- [ASSIGNED TASK] In the copy of the lines below, leave out pictures and print everything else exactly.

- [SUPPLIED INFORMATION]
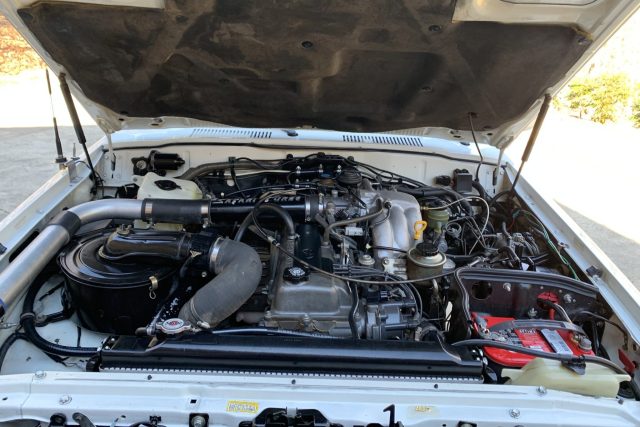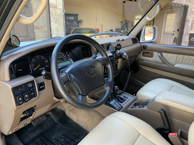 “This 1997 Toyota Land Cruiser is finished in white over beige leather upholstery and is powered by a turbocharged 4.5-liter inline-six paired with a 4-speed automatic transmission, a dual-range transfer case, and three locking differentials. Service performed under current ownership includes rebuilding the transmission and overhauling the braking system.”
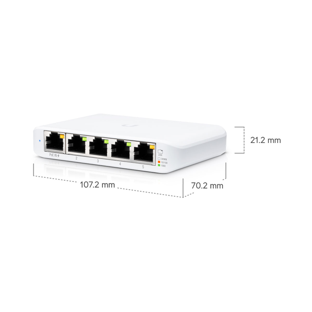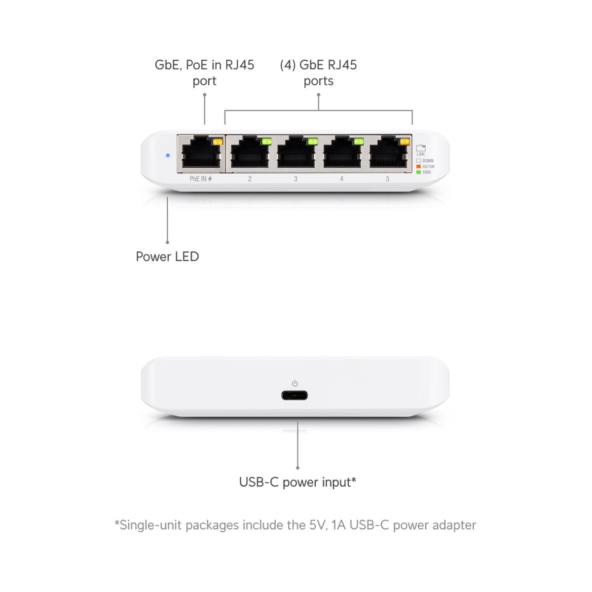 The UniFi Switch Flex Mini uses only a maximum of 2.5W. For your convenience, it can be powered by 802.3af/at PoE or a 5V, 1A USB-C power adapter*.
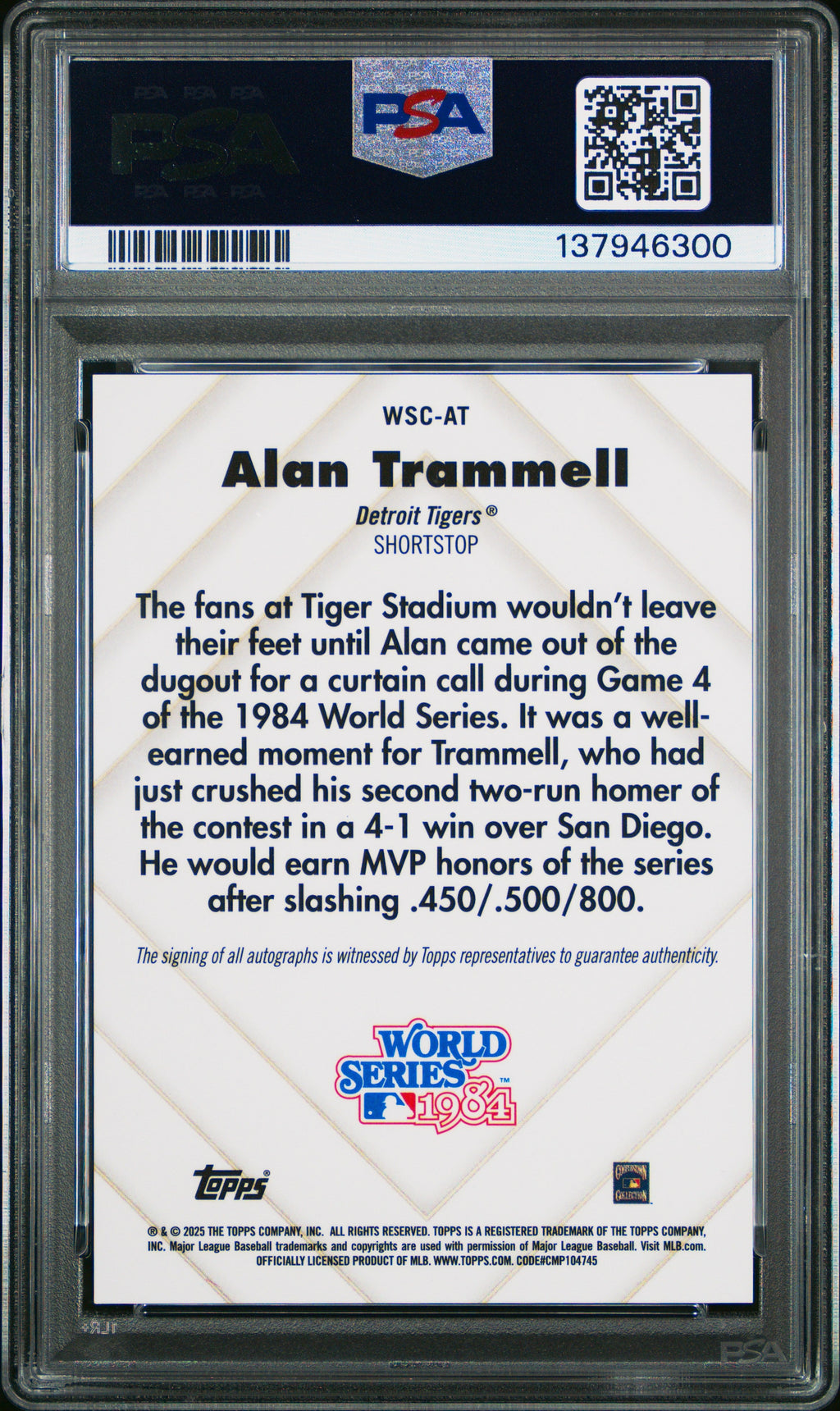 2025 Topps Chrome World Series Champions Auto Alan Trammell /100 PSA 9 MINT Don’t miss your chance to own this rare 2025 Topps Chrome World Series Champions Autographs card featuring Detroit Tigers legend Alan Trammell! This stunning card is hand-signed by Trammell and professionally graded PSA 9 MINT, ensuring top-tier quality and authenticity for your collection. With only 100 serial-numbered copies produced and just 3 graded at this level—with none higher—this is a true gem for serious baseball card enthusiasts and Tigers fans alike. Certified with PSA and boasting a unique serial number (086/100), this card stands out as a must-have collectible from the iconic Topps Chrome set. Secure this limited-edition autographed card today and celebrate a Hall of Famer’s World Series legacy—add it to your collection before it’s gone! Autographed: Yes Set: 2025 Topps Chrome World Series Champions Autographs Signed By: Alan Trammell Certification Number: 137946300 Grader: Professional Sports Authenticator (PSA) Grade: 9 Player/Athlete: Alan Trammell Year Manufactured: 2025 Serial Number: 086/100 Graded: Yes Sport: Baseball Population Higher: 0 Manufacturer: Topps Population: 3 Team: Detroit Tigers Card Number: WSCAT Listed With Mascot.
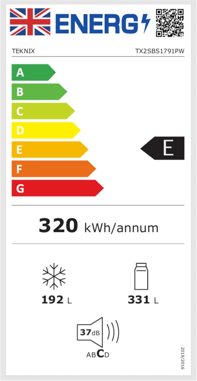 Teknix TX2SBS1791PW American Fridge Freezer in White - 523 Litre Capacity - E Rated - POHW0130

- [FINAL ANSWER]
 “This 1997 Toyota Land Cruiser is finished in white over beige leather upholstery and is powered by a turbocharged 4.5-liter inline-six paired with a 4-speed automatic transmission, a dual-range transfer case, and three locking differentials. Service performed under current ownership includes rebuilding the transmission and overhauling the braking system.”
 The UniFi Switch Flex Mini uses only a maximum of 2.5W. For your convenience, it can be powered by 802.3af/at PoE or a 5V, 1A USB-C power adapter*.
 2025 Topps Chrome World Series Champions Auto Alan Trammell /100 PSA 9 MINT Don’t miss your chance to own this rare 2025 Topps Chrome World Series Champions Autographs card featuring Detroit Tigers legend Alan Trammell! This stunning card is hand-signed by Trammell and professionally graded PSA 9 MINT, ensuring top-tier quality and authenticity for your collection. With only 100 serial-numbered copies produced and just 3 graded at this level—with none higher—this is a true gem for serious baseball card enthusiasts and Tigers fans alike. Certified with PSA and boasting a unique serial number (086/100), this card stands out as a must-have collectible from the iconic Topps Chrome set. Secure this limited-edition autographed card today and celebrate a Hall of Famer’s World Series legacy—add it to your collection before it’s gone! Autographed: Yes Set: 2025 Topps Chrome World Series Champions Autographs Signed By: Alan Trammell Certification Number: 137946300 Grader: Professional Sports Authenticator (PSA) Grade: 9 Player/Athlete: Alan Trammell Year Manufactured: 2025 Serial Number: 086/100 Graded: Yes Sport: Baseball Population Higher: 0 Manufacturer: Topps Population: 3 Team: Detroit Tigers Card Number: WSCAT Listed With Mascot.
 Teknix TX2SBS1791PW American Fridge Freezer in White - 523 Litre Capacity - E Rated - POHW0130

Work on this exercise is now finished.